(Work required): Would you print out all of the data exactly and keep the pictures out of it?

(Data provided):
= Beginning of Section =
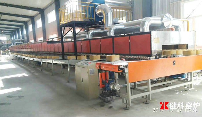 輥道窯的燃燒室在輥子的下方,用壓縮空氣霧化重油、柴油、煤油等燃料進行燃燒。也有用煤氣發(fā)生爐所產煤氣進行燃燒的,比較大型的陶瓷廠大都采用雙段冷煤氣站,使用冷靜煤氣進行燃燒,產生高溫。燃燒室與輥道之間,有耐火材料隔離,火焰不直接接觸被燒制的產品。相對來說,煤氣發(fā)生爐配套輥道窯燃燒比重油、柴油等成本低,比直接燃煤效率高環(huán)保達標。使用重油為燃料時,為防止煙氣污染制品,要采取隔焰或半隔焰形式。電熱時,為保護發(fā)熱體或使溫度更均勻,也需將發(fā)熱體和制品隔開。
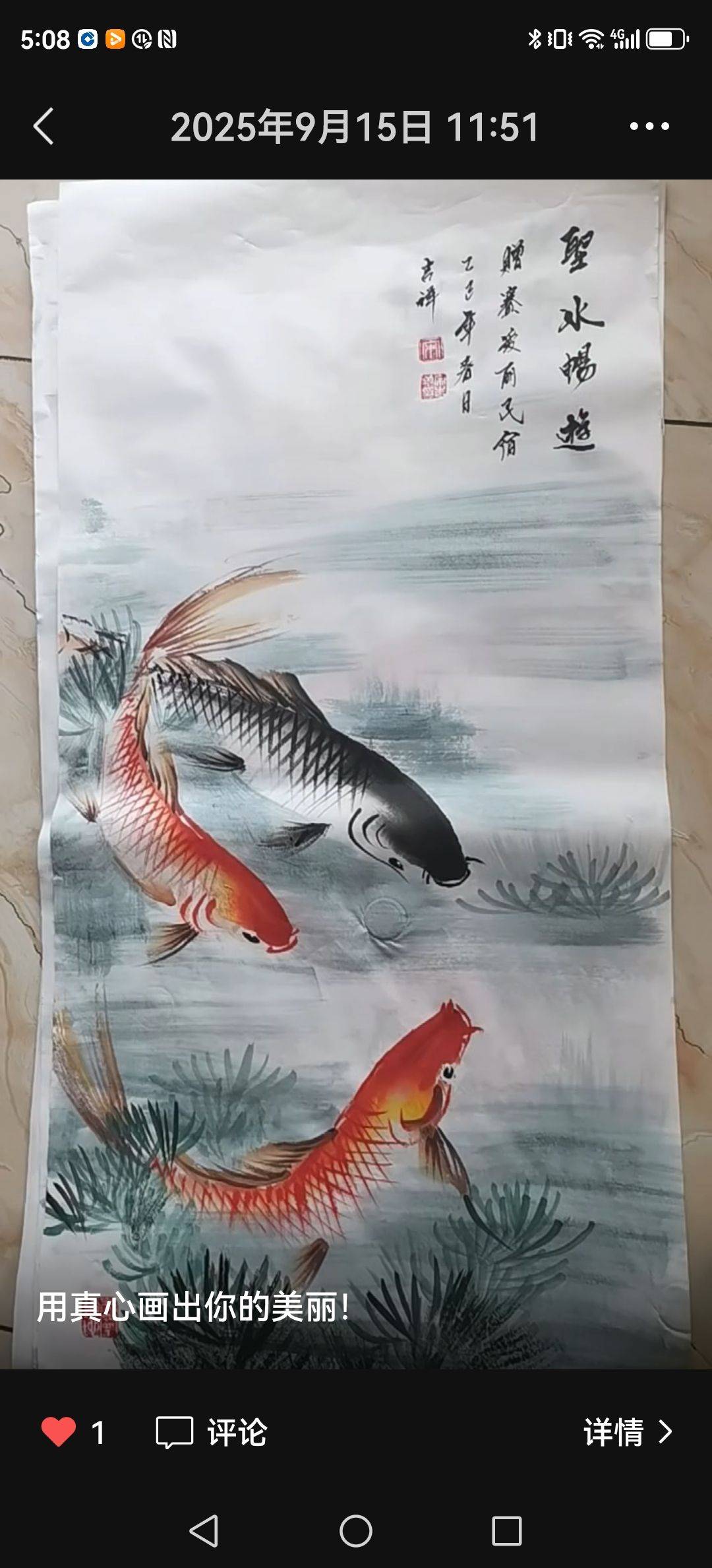 笔下牡丹呈国色,针间锦鲤跃清塘。
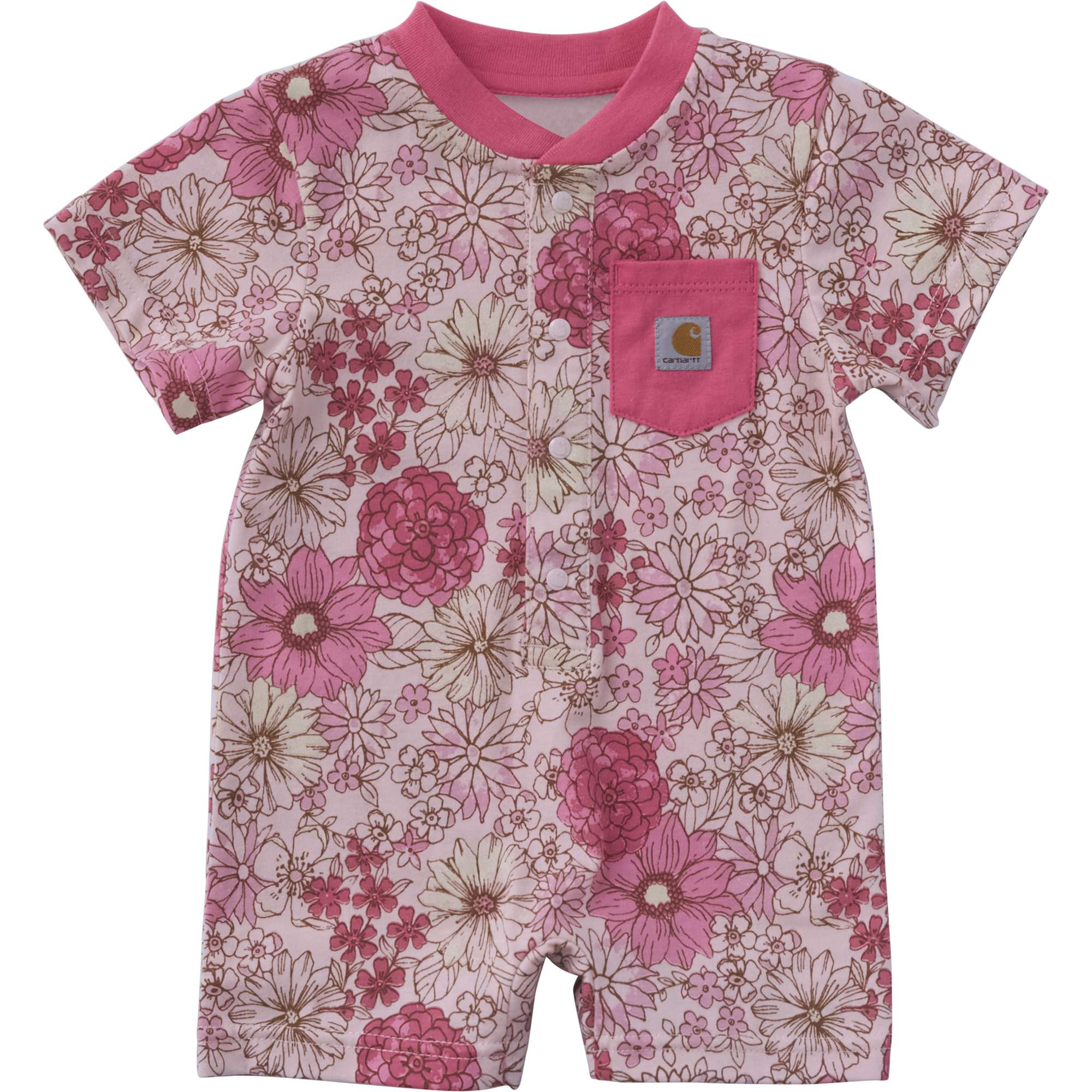 Flower power forever. A fresh floral print covers this baby girls’ Carhartt romper. It’s built to last from lightweight cotton fabric that’s gentle on her skin, with a chest pocket and front snaps.
= End of Section =
(Response to this exercise):
 輥道窯的燃燒室在輥子的下方,用壓縮空氣霧化重油、柴油、煤油等燃料進行燃燒。也有用煤氣發(fā)生爐所產煤氣進行燃燒的,比較大型的陶瓷廠大都采用雙段冷煤氣站,使用冷靜煤氣進行燃燒,產生高溫。燃燒室與輥道之間,有耐火材料隔離,火焰不直接接觸被燒制的產品。相對來說,煤氣發(fā)生爐配套輥道窯燃燒比重油、柴油等成本低,比直接燃煤效率高環(huán)保達標。使用重油為燃料時,為防止煙氣污染制品,要采取隔焰或半隔焰形式。電熱時,為保護發(fā)熱體或使溫度更均勻,也需將發(fā)熱體和制品隔開。
 笔下牡丹呈国色,针间锦鲤跃清塘。
 Flower power forever. A fresh floral print covers this baby girls’ Carhartt romper. It’s built to last from lightweight cotton fabric that’s gentle on her skin, with a chest pocket and front snaps.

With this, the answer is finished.